Drug induced liver damage is commonly associated with pharmaceuticals; sometimes it is a low-level, manageable toxicity such as that found with acetaminophen; in other cases, it is severe enough to force recall from candidacy or market. Liver damage can manifest in many forms such as cell death, hepatitis, or fibrosis, and it can be difficult to capture all types of liver damage within a single model. However, engineered models can be fabricated that output measurable liver function which can then be quantified and correlated with physiologic injury. For instance, micropatterned zones of ECM proteins were used to culture primary hepatocytes and 3T3-J2 fibroblasts in confluent co-cultures which could then be used to measure liver-toxicity of a variety of known toxins by measuring decreases in metabolic activity[35]. The addition of fibroblasts increased duration and magnitude of hepatocyte function as measured by mitochondrial metabolism and cytochrome p450 activity demonstrating the importance of cell-cell interaction and the incorporation of a stromal component for physiologic liver function [35]. Interestingly, a similar approach using rat instead of human hepatocytes displayed reduced output indicating the importance of using species specific cells for testing [35, 36].

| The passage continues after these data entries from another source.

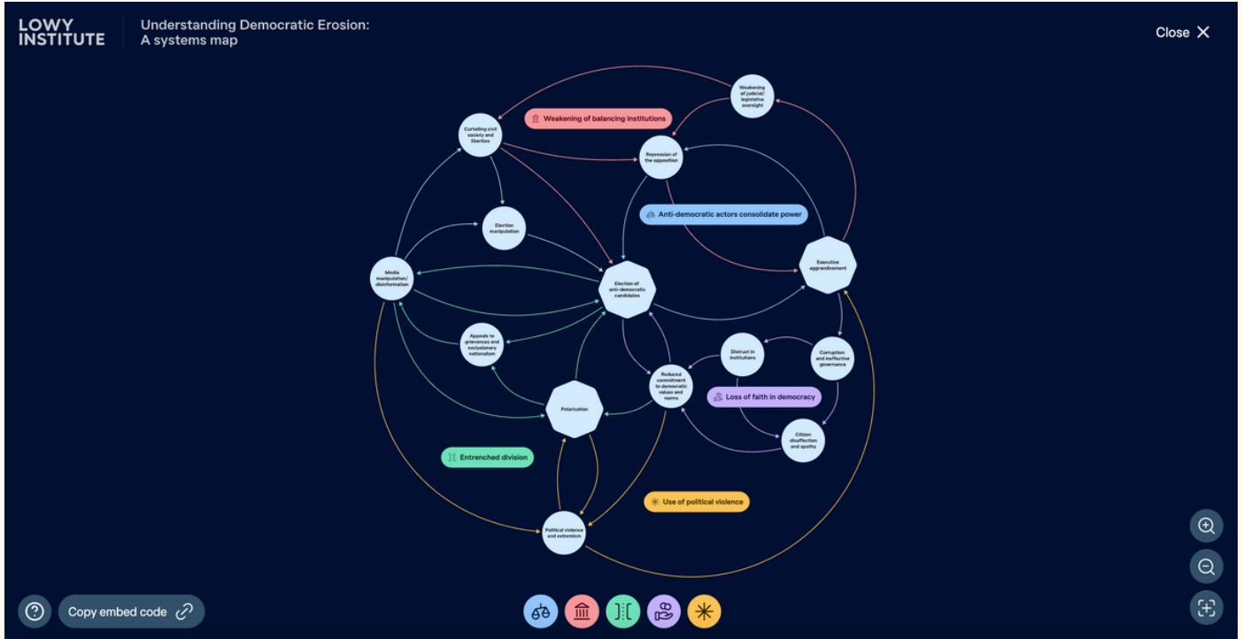
The interactive systems map

How do you use the map? The systems map illustrates the pathways and self-reinforcing loops, the circular chains of cause and effect, that accelerate democratic erosion. Some of these reinforcing loops include anti-democratic actors consolidating power, the weakening of balancing institutions, entrenched divisions, the loss of public faith in democracy, and the use of political violence. Users will see that by selecting any given element on the map the other elements with which it is connected are highlighted as can be seen in the image below.
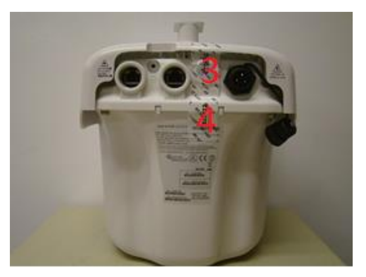
Figure 19 – Rear View of IAP-275 with TELs
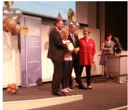
Stafford Borough Council’s Housing and Homeless Prevention team pick up their award at the National Homelessness Practitioners Annual Conference, in Warwick

The work back in July was recognised at the National Homelessness Practitioner Conference as part of their Gold Standard Award presentation.
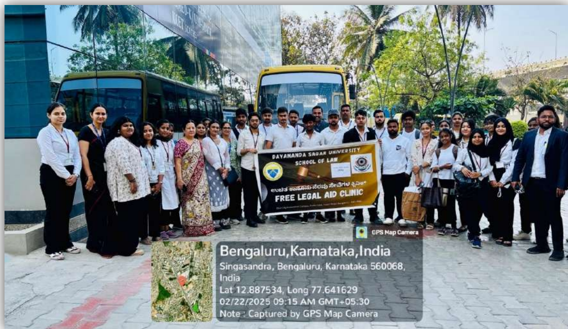
Legal Services Clinic, DSU at City Innovation Campus and Haraholi campus
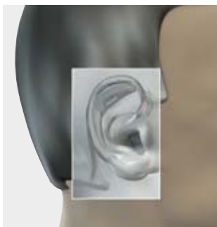
behind the ear

Discreet no matter what style you choose.
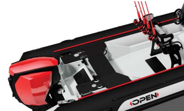
Aft seating is 100% removable.

New to the Pro Open line, the Open 7 joins the Pro Open 550 & 650 - a design that has truly moved beyond the boundaries in the RIB world for 20 years .
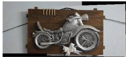
Figure 4.6: Final Stitched Panorama Image

Feathering image blending is a technique used in computer graphics software to smooth or blur the edges of a feature; it is the simplest approach, in which the pixel values in the blended regions are weighted average from the two overlapping images[20]. Sometimes this simple approach doesn't work well (for example in the presence of exposure differences). But if all the images were taken at the same time and using high quality tripods, therefore, this simple algorithm produces excellent results.
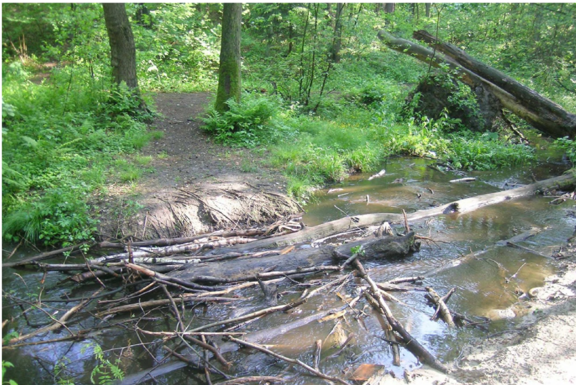
Fig. 3. Habitat of Chalcosyrphus eunotus on the Linda stream.

Ch. eunotus (Fig. 2) is listed as a saproxylic indicator and stenotopic species, closely associated with natural, unregulated stream channels. The larvae live in decaying wood deposited in water. Imagines have been found along the edges of streams flowing through the deciduous forest ( Quercus-Fraxinus-Ulmus ) resting on partially submerged logs (Renema 2001). Ch. eunotus is known from a few localities in the Netherlands, France, Germany, Serbia and also from one or two records in Belgium, Spain, Switzerland, Croatia, Republic of Macedonia, Romania and Slovakia. It has lately been found in the Czech Republic (Mazanek et al. 1999) and Turkey (Saribiyik 2009).
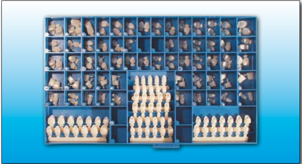
Art. no. 2195. Anteriors and Premolars in 60 different sizes. Ass. box of 180 crowns, with mould guides.
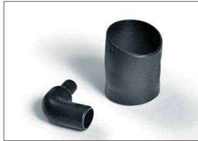
1108-1 supplied / fully recovered.

This style provides connector cable strain relief. Can be installed on the connector rear thread or plain shaft, allows easy re-entry for repair when combined with a hot melt adhesive.
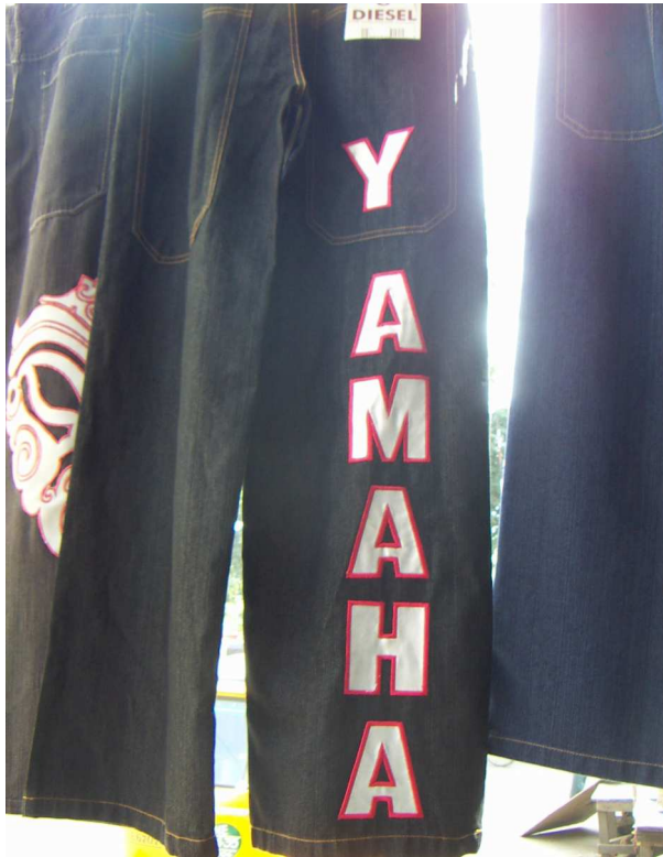
Figure 3. Yamaha Jeans (Chennai, 2008)
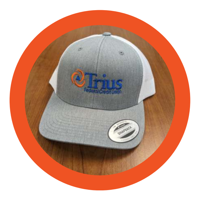
Trius Hats $20
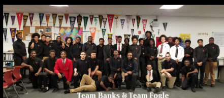
Team Banks & Team Fogle December 2019
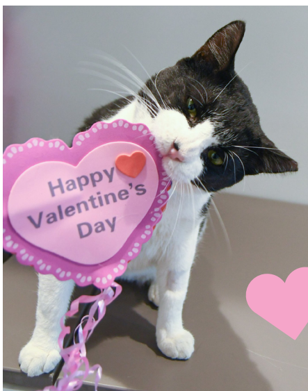
Every day is Valentine's Day for our valiant FeLV+ boy

Big hearts brought Tucker to Tabby's Place after he tested positive for feline leukemia virus
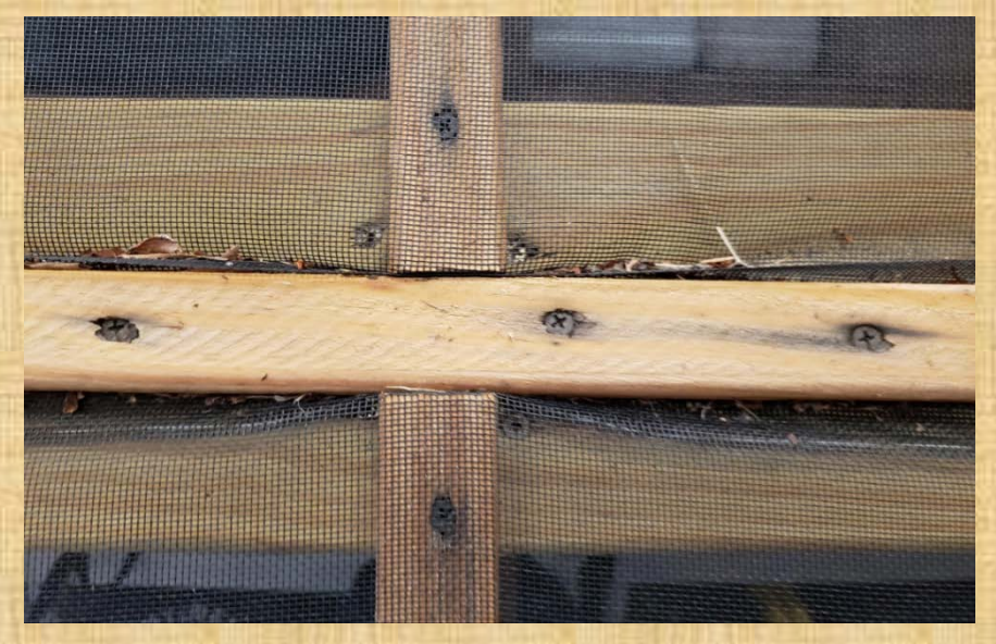
Center of top screen
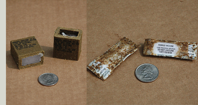
Fishmeal-polymer bait (left) and a coated sachet (right).
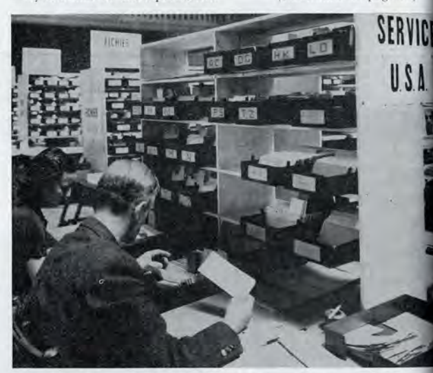
The Central Agency of the International Red Cross Committee at Geneva c indexes all prisoners of war. This picture shows the American Section.
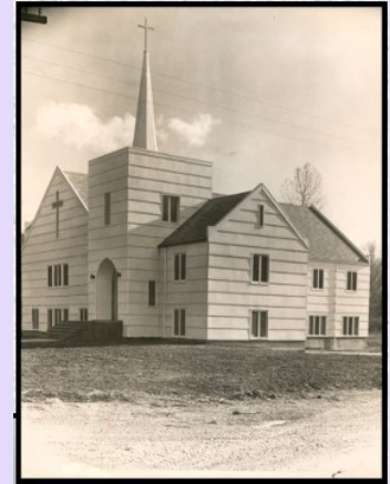
75th Anniversary - pg. 4
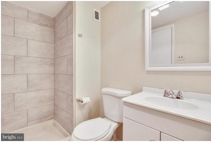
New tile work and fixtures!
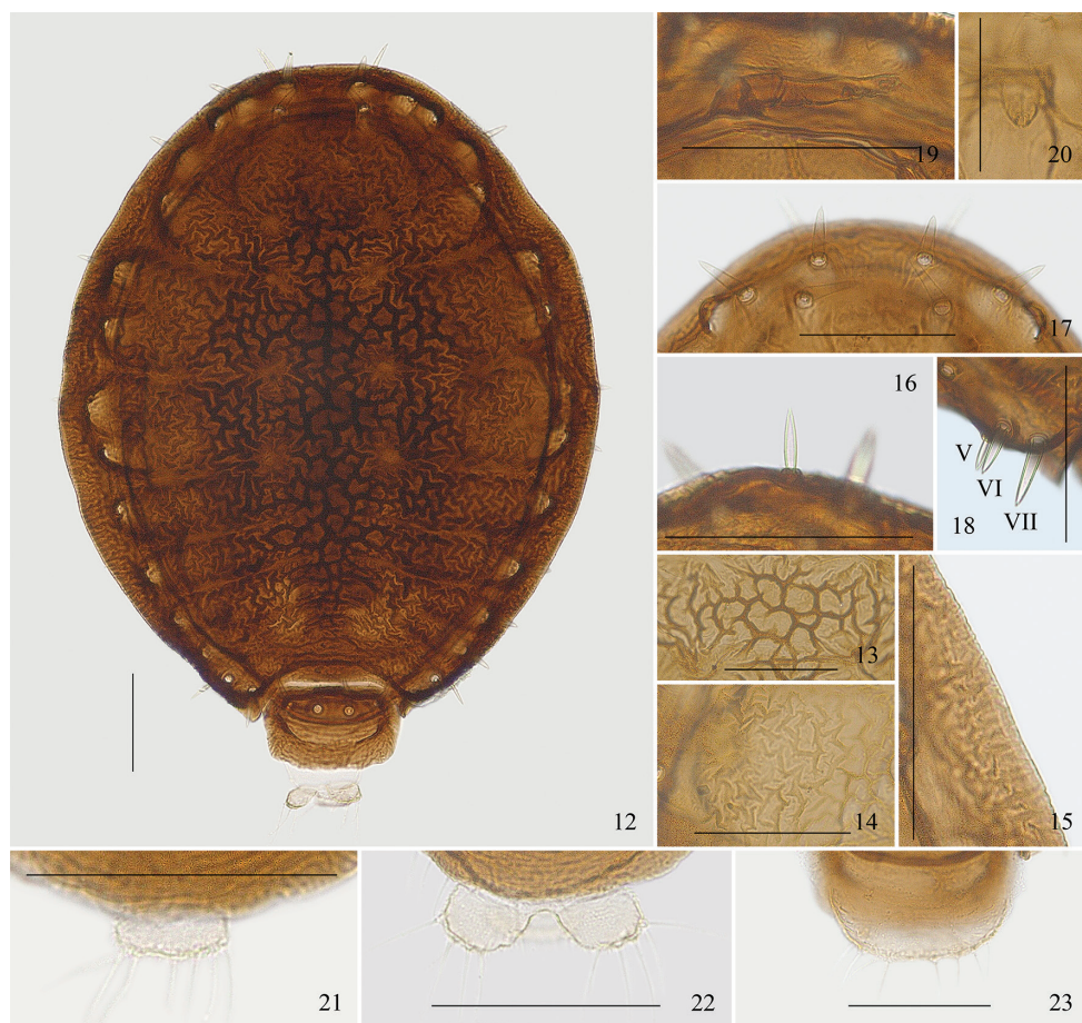
Figures 12–23. Parathoracaphis spinapilosa sp. n. Apterous viviparous female: 12 dorsal view of body 13 convoluted markings on medial area of prosoma dorsum 14 short folded-line shaped sculptures on pleuro-marginal area of prosoma dorsum 15 short transversely striped band on margin of prosoma 16 spine-like frontal seta on head 17 3 pairs of submarginal setae on head dorsum 18 submarginal setae on abdominal tergites V–VII 19 antenna 20 ultimate rostral segment 21 cauda 22 anal plate 23 genital plate. Scale bars: 0.10 mm.

two pairs of submarginal setae anterior to eyes, along the body margin, and a pair between eyes (Fig. 17) (the latter: all three pairs located along the body margin, Fig. 5); antennae 3- or 4-segmented (the latter: 2-segmented).
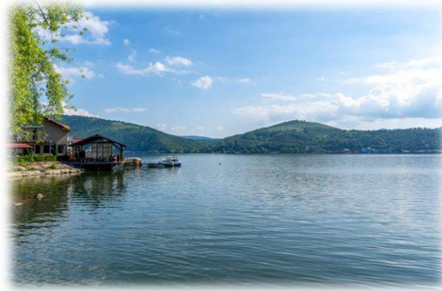
Cruises along the Danube
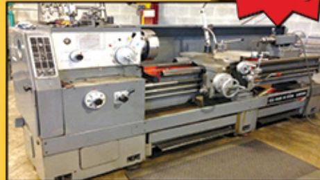
SHENYANG 20" X 80" ENGINE LATHE
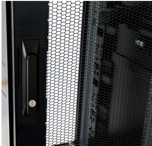
Front Swing Handle Mechanical lock

Although micropatterned models can be engineered to produce physiologic-like outputs, they still retain some of the drawbacks of traditional 2D culture; namely, they do not possess physiologic microarchitecture and do not replicate the unique diffusion parameters of 3D structures. Spheroid-based models bridge this gap by integrating cell-cell interactions and stromal components while utilizing a 3D format. Several studies show liver spheroids, of a variety of cell sources, out-perform 2D cultures in terms of albumin secretion, cytochrome p450 activity, and metabolism - measures which can be correlated to hepatotoxicity [10, 37–39]. Integration of non-parenchymal cells such as stellate, fibroblast, or mesenchymal stem cells also increase hepatocyte output and function further cementing the importance of stromal interactions for liver functionality [16, 40, 41]. Spheroids fabricated using patient liver cells displayed more homogenous protein expression compared to freshly isolated, disperse liver cells of the same patient; indicating that the spheroid format produces consistent results which capture a patients’ biology [37]. These same spheroids also replicated chronic drug induced liver injury response: initial doses of fialuridine caused no toxicity at 48h, but after 4 weeks of exposure, EC50 values dropped to 100nM [37]. We have produced liver spheroids (composed of primary hepatocytes, Kupffer, and hepatic stellate cells) that remain viable with stable albumin and urea production for at least 6 weeks with significantly higher cytochrome p450 activity when compared to 2D culture [10]. Due to the small, compact form-factor, many spheroids can also be suspended in hydrogel droplets to increase functional output [10, 42].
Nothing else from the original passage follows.